Lionel Jeffries enjoyed a long and varied acting career, most notably in film comedies like Chitty Chitty Bang Bang. He also wrote the screenplay for, and directed, The Railway Children.

It used to be a standing joke in the UK acting profession that one should "never work with dogs, babies and Lionel Jeffries".

Although the maxim is not original, there is no doubt Jeffries's innate abilities as a comic were formidable. He did not so much steal scenes as remould them in his own image.

Take, as a case in point, the 1963 film The Wrong Arm of the Law. Originally conceived as a star vehicle for Peter Sellers, who played a bumbling crook, it was Jeffries's equally incompetent police inspector who was most memorable.

Jeffries, bald and with a distinctive moustache, was instantly recognisable and, besides more than 100 film appearances, he was a regular on both stage and television for more than 40 years, often as policemen and military types.

Wide range

He was born in London on 10 June 1926. Both his parents were members of the Salvation Army and worked with poor people in London's East End.

Lionel Jeffries's father owned a cine camera and projector and some of his earliest memories were of home-made movies which he edited with his father, on the kitchen table.

During World War II he served in the Army in Burma and as a member of the West African Frontier Force. He also lost his hair at the same time, a result, he said, of sweating in the humidity of the Far East.

After being demobbed, Lionel Jeffries started his acting career in repertory theatre, making his film debut in 1950.

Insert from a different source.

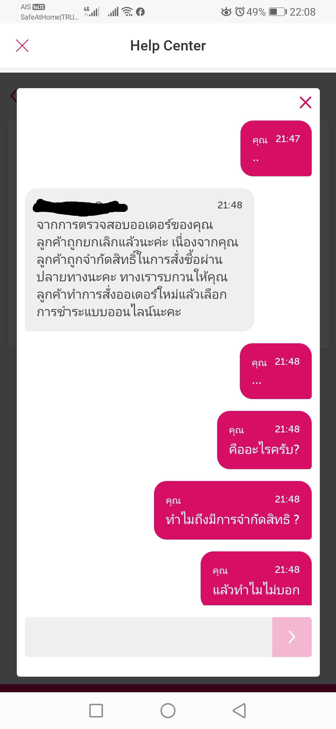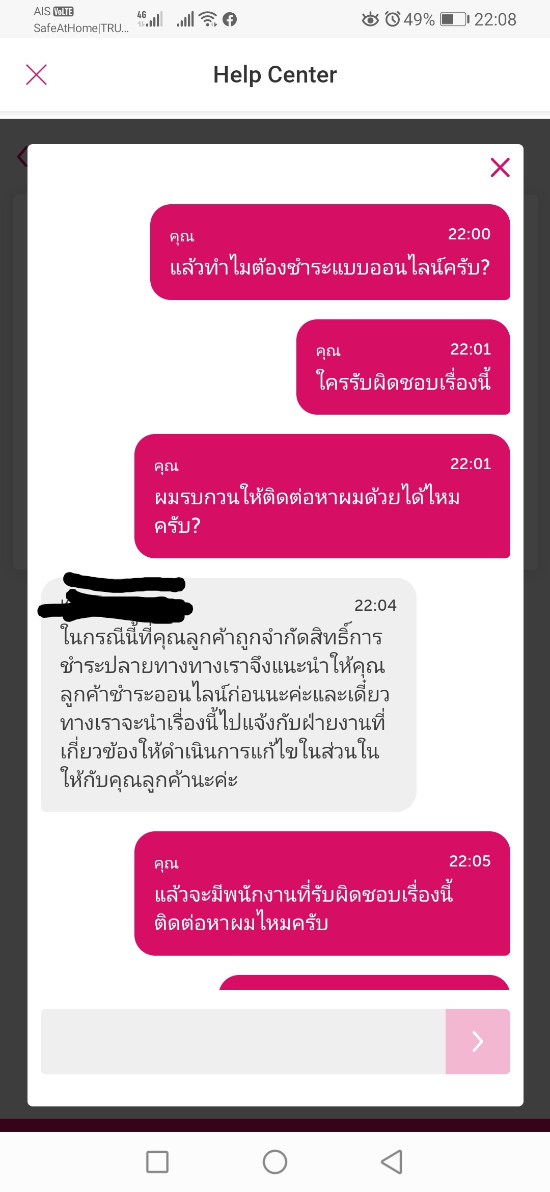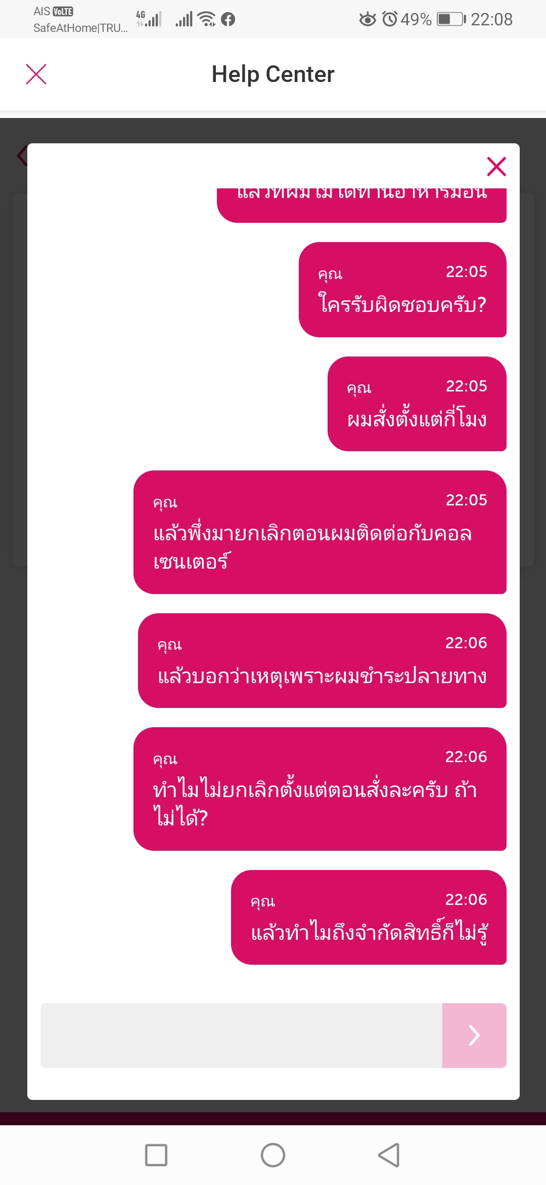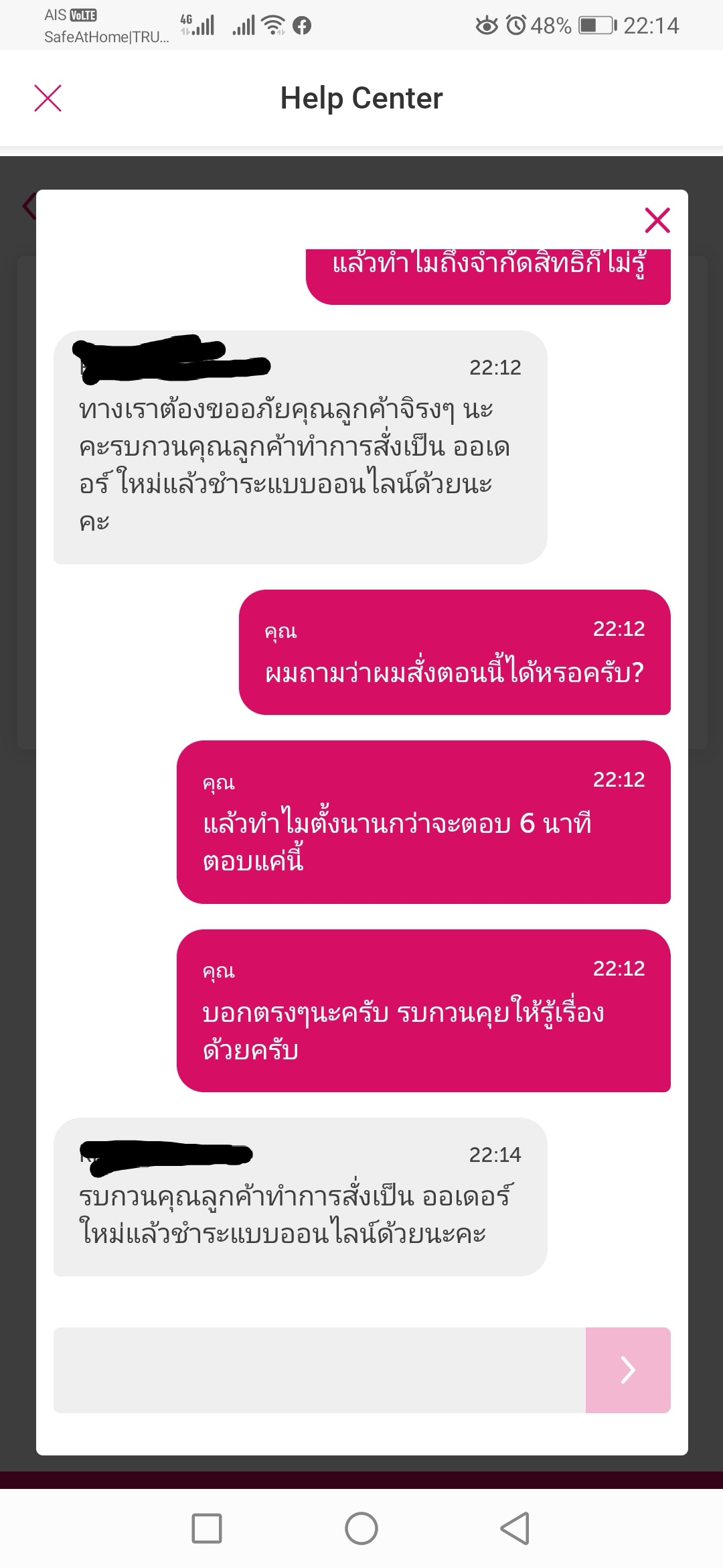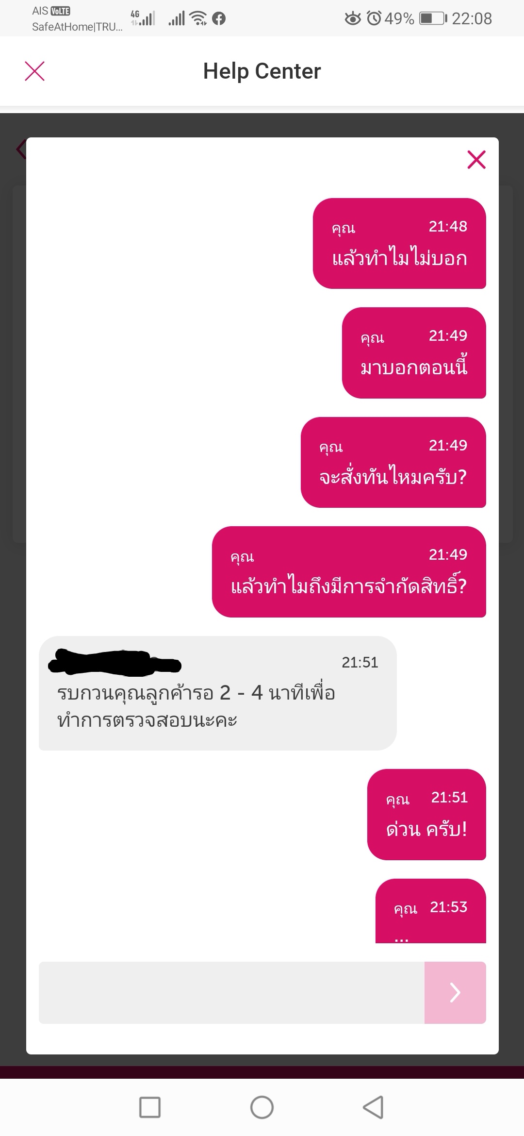 รีวิวการแชทกับคอลเซนเตอร์ของบริษัทเกี่ยวกับการขนส่งอาหาร ครับ

Lionel Jeffries as Grandpa Potts in Chitty Chitty Bang Bang

Two years later came Jeffries's first major role, alongside Sir John Mills and Eric Portman in The Colditz Story.

During the 1950s, he appeared in films like Bhowani Junction, Doctor at Large and Blue Murder at St Trinian's before excelling as the instantly dislikeable Marquis of Queensbury in The Trials of Oscar Wilde in 1960.

But it was as Grandpa Potts in Chitty Chitty Bang Bang that he will perhaps be best remembered. He later recalled: "Dick Van Dyke was older than me and I was playing his dad."

In 1970, Jeffries directed and wrote the screenplay for the film version of E Nesbit's The Railway Children. The movie proved a huge success and remains a perennial Christmas favourite.

More recently, Lionel Jeffries worked on television, in sitcoms like Tom, Dick and Harriet as well as making a cameo appearance on BBC television's medical drama Holby City.